Consumer Electronics Daily was a Warren News publication.

3 iPhone Models Lack Their ‘Advertised’ Resolutions, Screen Sizes, Says Complaint

The iPhone X, XS and XS Max smartphones lack Apple's “advertised” screen resolutions and screen sizes in violation of consumer protection laws in all 50 states and the District of Columbia, alleged a complaint (in Pacer) Friday in U.S. District Court in San Jose that seeks class-action status. Apple's "nominal screen pixel resolution counts misleadingly count false pixels as if they were true pixels," said the complaint. The screens omit half of the red and half of the blue subpixels in a display, leaving the screen with half of the advertised number of pixels and two-thirds of the advertised number of subpixels, it said. The screen-size "deception" is "simply based on Apple cutting corners," it said.

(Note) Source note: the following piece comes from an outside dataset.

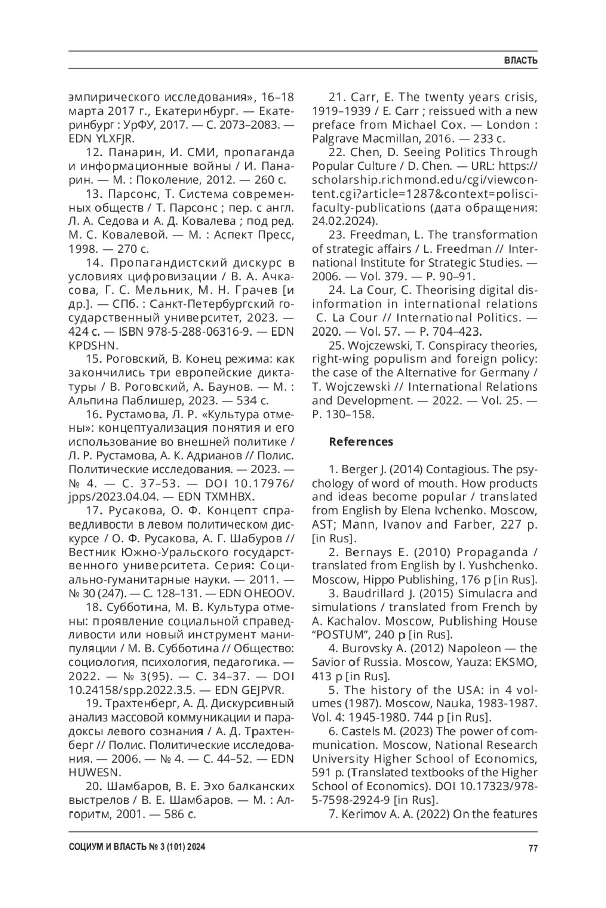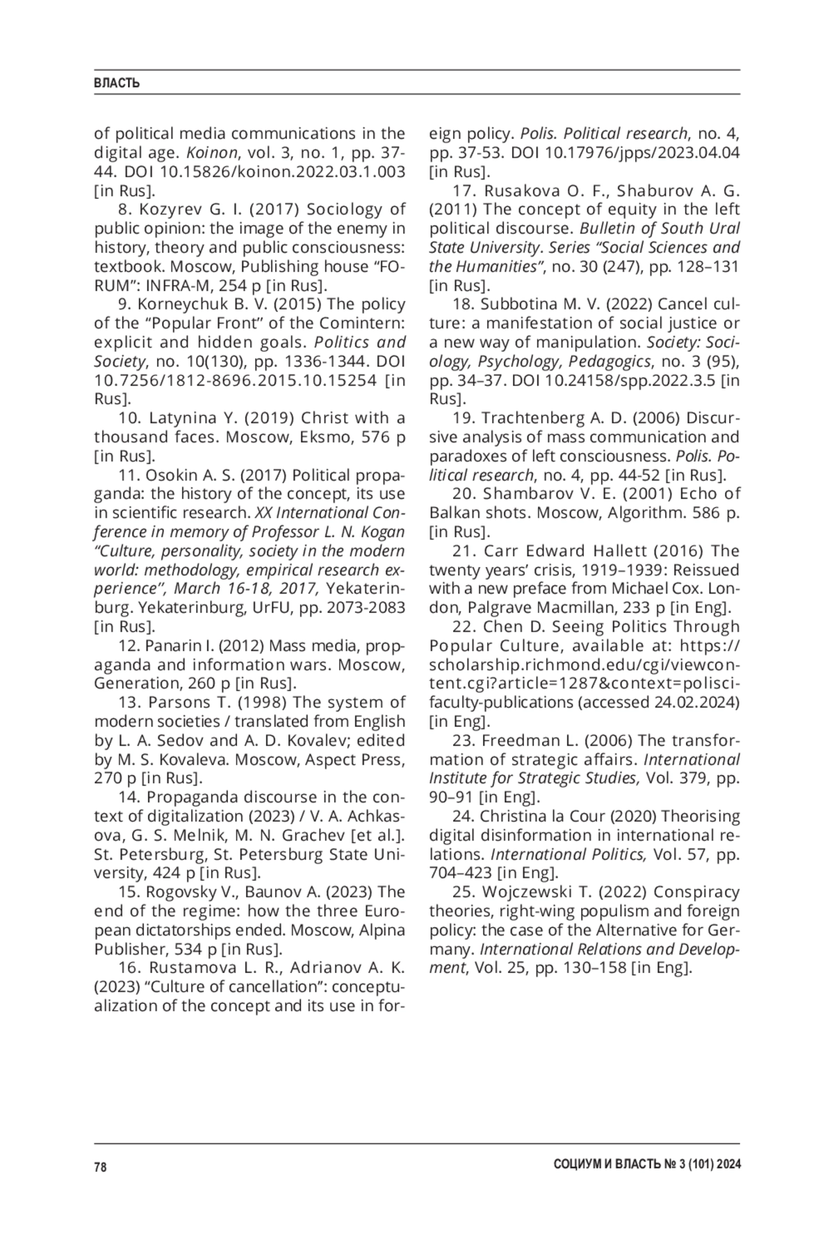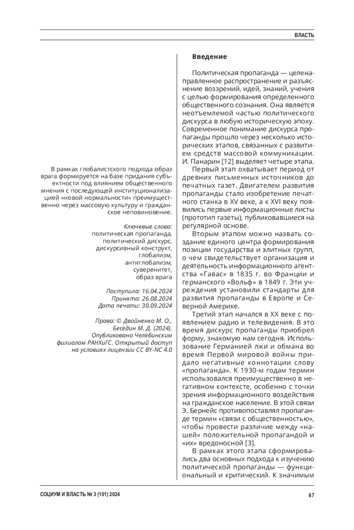 Введение. Политическая пропаганда является неотъемлемой частью современной сферы коммуникации, в рамках которой политические акторы транслируют свою интерпретацию реальности и влияют на общественные массы. Образ врага наиболее доступно объясняет, кто такие «МЫ» и что важно для конкретного актора, а также кто такие «ОНИ» и чем они опасны. При этом в политическом дискурсе нет единства в интерпретации понятия «враг». Представления о нем могут быть институализированы или же существовать вне институционального поля и транслироваться средствами массовой коммуникации (СМК). В этой связи целесообразно выделить два больших направления пропаганды: глобалистский и антиглобалисткий.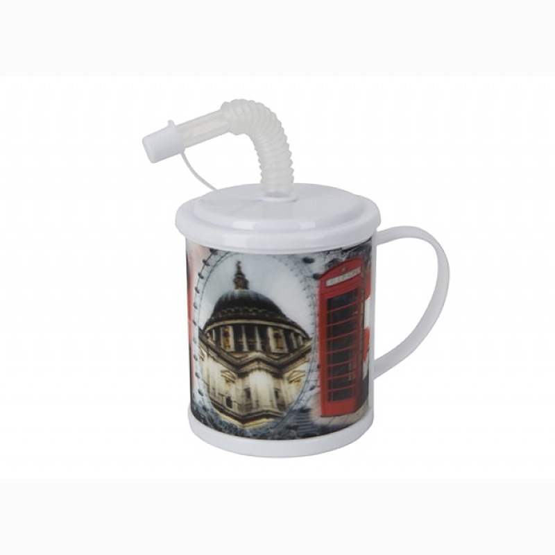 Plastový hrnček s vyobrazením londýnskej kultúrnej pamiatky v 3D efekte.

The iPhone screens have rounded-off corners with "notches" at the top containing no pixels, yet Apple "calculates the screen size" by including "non-screen areas such as the corners and the cut-out notch at the top of the screen," it said. The "missing screen areas" also further reduce the iPhones' "false pixel counts," it said. Apple’s “conduct in employing these unfair and deceptive trade practices [was] malicious, willful, wanton and outrageous such as to shock the conscience of the community and warrant the imposition of punitive damages,” it said. California resident Christian Sponchiado paid $1,149 for his iPhone X at an AT&T store in San Francisco, and his co-plaintiff Brooklynite Courtney Davis bought her iPhone XS Max for $1,099 from Apple online, the complaint said. Sponchiado and Davis “suffered injury in fact and lost money” because the iPhones they bought “did not provide the advertised screen quality, resolution, or size and was worth less than the phone she had bargained for,” it said. The company didn’t comment.